Kubernetes Cost Optimization: How to Cut Your K8s Bill by 40%
A practitioner's guide to cutting Kubernetes costs by 40%—resource requests, right-sizing pods, spot nodes, cluster autoscaler, namespace quotas, idle workload detection, and cost monitoring tools.
Kubernetes makes it easy to run workloads. It also makes it remarkably easy to waste money at scale.
The resource model that gives you flexibility—request what you need, get scheduled accordingly—becomes a cost liability when those requests are set incorrectly. A pod requesting 2 CPU and 4GB RAM that actually uses 0.3 CPU and 600MB RAM is consuming capacity on a node that cost real money to provision, even though most of that capacity sits idle.
Multiply that pattern across dozens of services, add in nodes that were never right-sized, a cluster autoscaler that scales up aggressively but scales down slowly, and no tooling to surface what anything actually costs—and you have the typical Kubernetes environment we see when we start working with a new client.
The 40% figure in this title isn't aspirational. It's the average we see across environments with $20,000–$200,000/month in K8s spend when all the levers in this guide are applied. Some environments come in higher (50–60%) when the baseline is especially undisciplined. Some come in at 25–30% when the team has already done partial optimization work.
This post covers every lever worth pulling, in order of typical impact.
Why Kubernetes Cost Is Hard to Control
Before getting into fixes, it helps to understand why K8s costs get out of hand even in well-run engineering organizations.
Resource requests are set once and never revisited. A deployment manifest has resource requests defined when the service is first written. Those requests reflect the engineer's best guess at the time, usually with conservative headroom. Six months later, the service has been optimized, traffic patterns are understood, and the original requests are 3x what the workload actually needs. Nobody goes back to tune them.

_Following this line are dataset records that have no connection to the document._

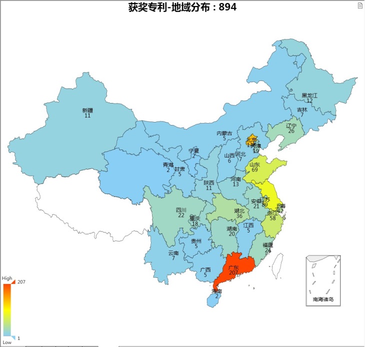 894件獲獎專利中,東部沿海地區(qū)的山東(69件)、江蘇(89件)、上海(42件)、浙江(58件)、福建(24)件、廣東(207件)占據(jù)了獲獎專利總量的一半以上。
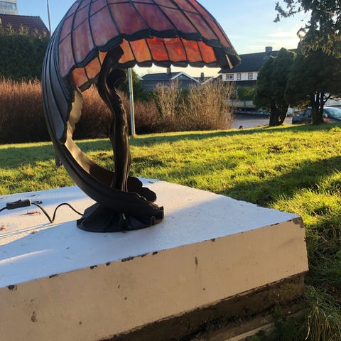 Gedigen antikk kobberlampe
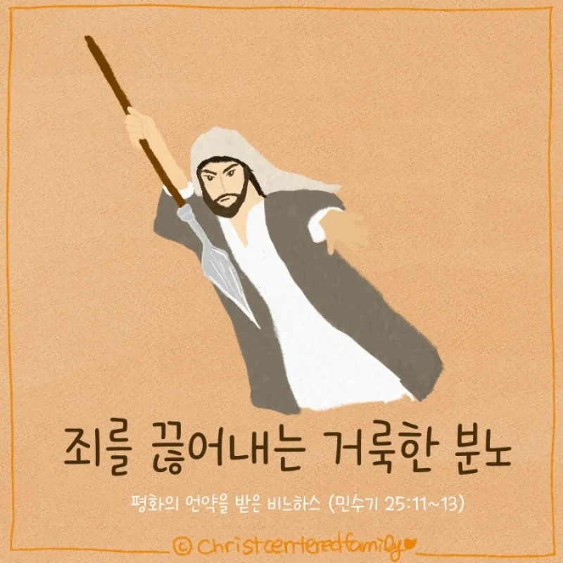 비느하스의 거룩한 분노를 묵상합니다. 비느하스는 이스라엘 백성들의 죄악이 가득차 하나님의 심판이 임하려할 때, 하나님을 위해 거룩한 분노를 가지고 죄악을 끊어내고자 했습니다. 하나님을 위하여 질투하고 분노한 비느하스는 그 가문이 영원히 제사장이 되게 하겠다는 놀라운 은혜와 평화의 언약을 받게 되었음을 봅니다.
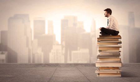 A serious student in elegant suit sitting on a pile of books looking over a brown sepia city landscape
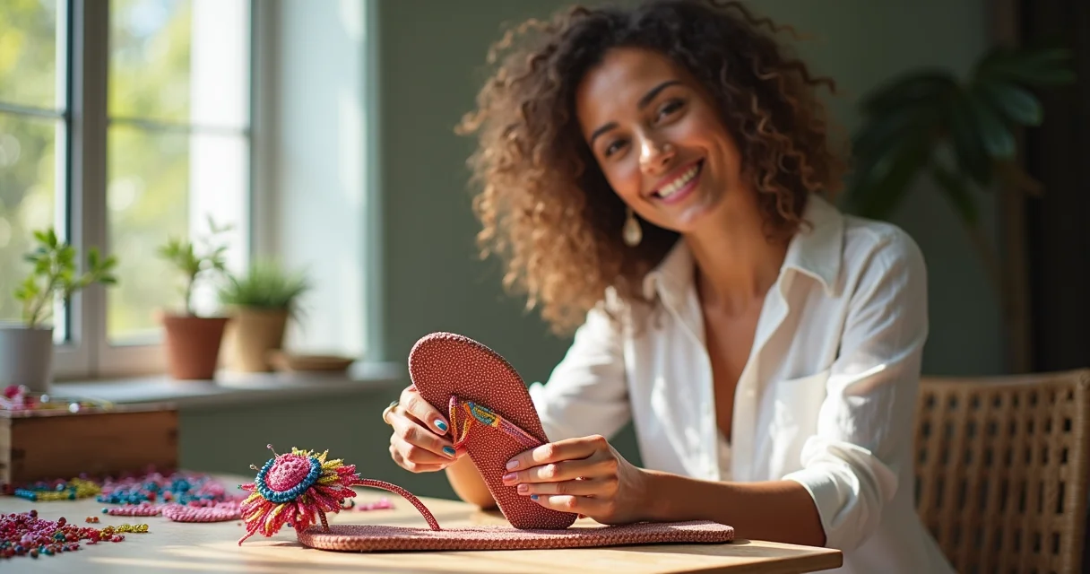O movimento DIY (Do It Yourself) é perfeito para customizar chinelos com miçangas. Além das pérolas, você pode usar miçangas de vidro, cristais e até strass para um brilho extra. O passo a passo é sempre o mesmo: montar a flor, garantir a firmeza com o fio de nylon 0.40mm e costurar com precisão na correia. Lembre-se que um bom planejamento dos materiais antes de começar evita interrupções e frustrações.

Costs are invisible at the workload level. Your AWS bill tells you what you spent on EC2 and EKS. It does not tell you which namespace, deployment, or team spent what. Without cost attribution, there's no incentive for individual teams to optimize their resource footprint.
Cluster autoscaler behavior is asymmetric by default. Nodes scale up quickly (good for reliability) and scale down slowly (bad for cost). The default scale-down delay is 10 minutes, but conservative configurations often push this to 30–60 minutes. A node that becomes underutilized at 2am may not be reclaimed until morning.
Spot/preemptible nodes are underused. Most teams know spot instances exist. Most teams haven't gone through the work of identifying which workloads can tolerate interruption and configuring the node pool separation required to use them safely.
Each of these has a concrete fix. Here's how to approach them systematically.
1. Fix Resource Requests and Limits First
Typical savings: 20–35% of compute costs
This is the highest-leverage item in most environments and the one that unlocks everything else. Cluster autoscaler cannot right-size your nodes if your pods are requesting 4x what they actually use—the scheduler sees demand that doesn't reflect reality, and the cluster stays larger than it needs to be.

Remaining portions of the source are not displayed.